韓国警察庁は1日、ソウル・梨泰院(イテウォン)雑踏事故当日の112(韓国警察の緊急通報用電話番号)通報の受付録音記録を公開した。それによると、事故前の午後6時34分の段階で「圧死しそうだ」という通報とともに、統制の必要性が訴えられていた。警察は現場に出動したものの、歩道の統制などの措置は取られなかった。

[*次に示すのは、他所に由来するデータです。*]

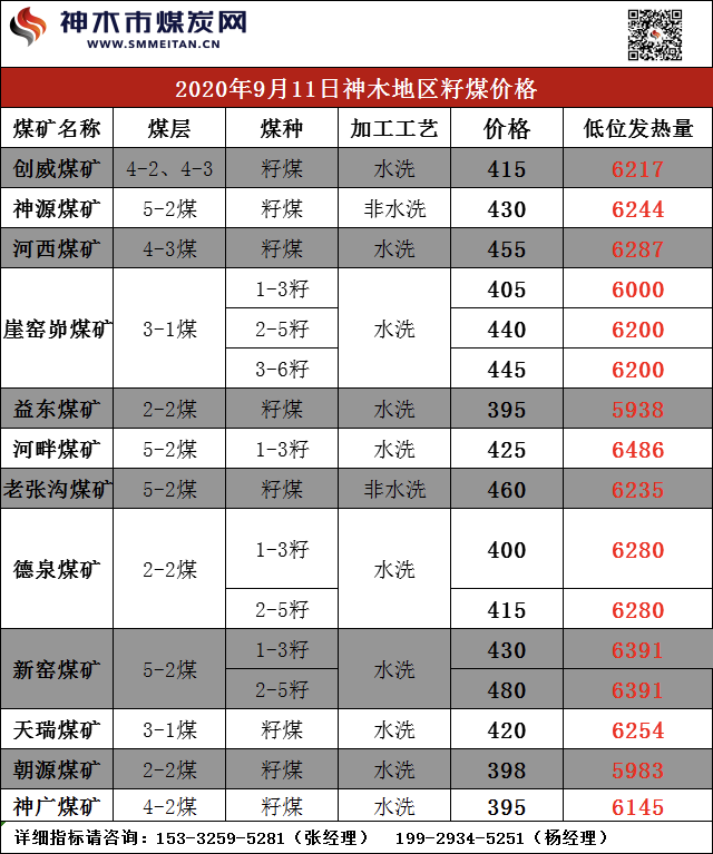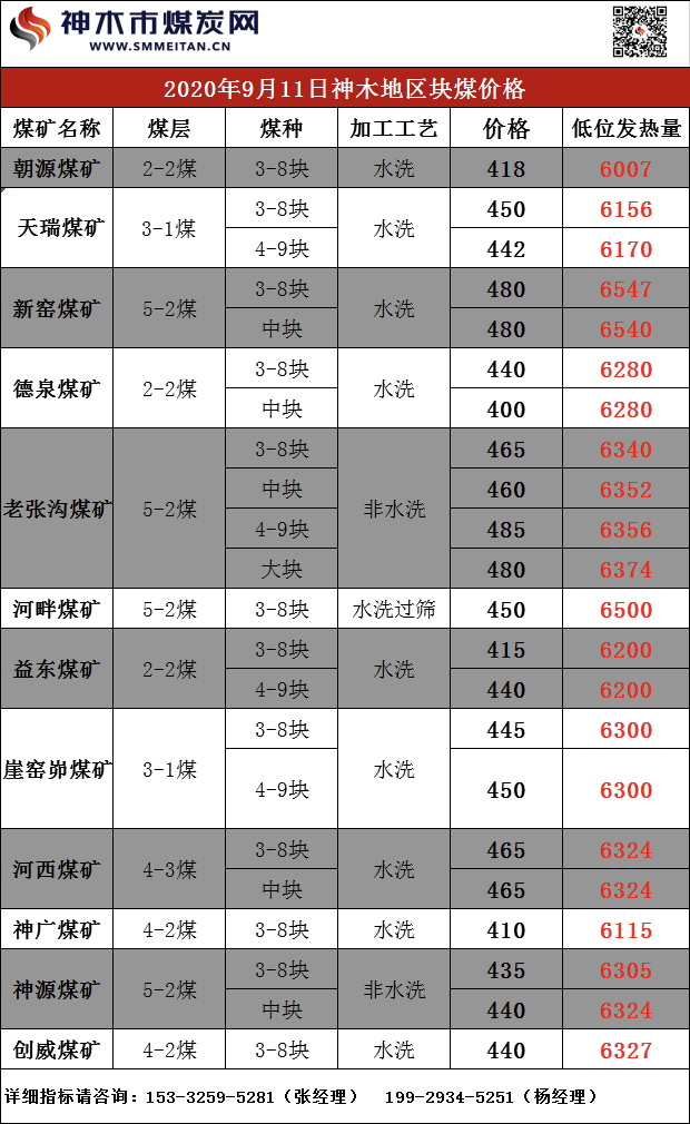 ◐榆林地區,受環保、安全檢查的影響,榆林地區的煤炭供應受限,礦區嚴查超載,煤廠嚴查煤票,持續檢查對運輸銷售沒影響,調運主要以化工和長途上站、企業剛需為主,礦區壓車情況明顯,對應區域內站臺調運積極,車輛到站卸煤需耗時排隊。◐狼窩渠煤礦:面煤價格上調5元/噸(執行410元/噸),中塊價格上調15元/噸(執行410元/噸),3-8塊價格上調10元/噸(執行425元/噸),籽煤價格上調10元/噸(執行435元/噸),3-1面煤價格上調15元/噸(執行300元/噸),3-1塊煤價格上調20元/噸(執行310元/噸)
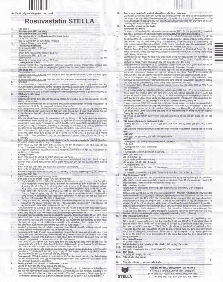 Rosuvastatin STELLA 10mg của Công ty TNHH LD Stellapharm – Chi nhánh 1, thành phần chính là rosuvastain 10 mg, là thuốc điều chỉnh lipid, đơn thuần; thuốc ức chế HMG-CoA reductase.
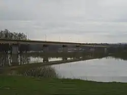 The Ilok–Bačka Palanka Bridge or the 25 May Bridge crosses the Danube at its 1297th kilometer, connecting the towns of Ilok, Croatia and Bačka Palanka, Serbia. It is the 825 meters long single-carriageway road bridge, built as a box girder construction. It was opened in 1974 as the "25 May" Bridge, named after the birthday of Yugoslav leader Josip Broz Tito. The bridge was damaged by airplane bombs during the NATO bombing of Yugoslavia on 4 April 1999. After reconstruction, it was opened for truck and bus traffic on 30 April 2002.[1][2]

事故発生前、112に寄せられた通報は次の通り。(左の数字は時刻=いずれも午後)
6:34「圧死しそうです。やっと抜け出した。人出がとても多いので統制が必要なようです」
8:09「人が押されて転んだりしています。大騒ぎになり、怪我をしています」
8:33「今、道端で倒れています。事故になりそう。危ないな」
8:53「人が圧死しています、ほとんど」
9:00「人出が多すぎて今、大事故が起きる寸前です」
9:02「本当に道をなんとかしてください。人が死にそうです」
9:07「人が多すぎて圧死の危機なんです」
9:10「深刻です。(人ごみに)中にいる子供たちが圧死しています」
9:51「人員統制をしなければならないようです」
10:00「押しつぶされそうなので統制してください」
10:11「圧死しそうです、みんな大騒ぎです」
最初の通報から「圧死しそうだ」という、危険を知らせる具体的な兆候があり、2番目でも「人々が倒れ、怪我した」という申告があった。だが警察当局は普段と同レベルの人出だと判断したものとみられる。
最初の申告(6時34分)から事故発生の10時15分までに112には計11件が寄せられた。「圧死」という表現を使った申告だけで6件あった。警察関係者は「うち4件は現場に出動し、6件は電話で案内した後に終結した。1件は措置が不明確で確認中だ」と明らかにした。
警察は事故現場一帯からの3件(6時34分、9時51分、10時11分)の通報にもかかわらず、現場に出動したのは最初の通報の時だけ。残りは電話での案内だった。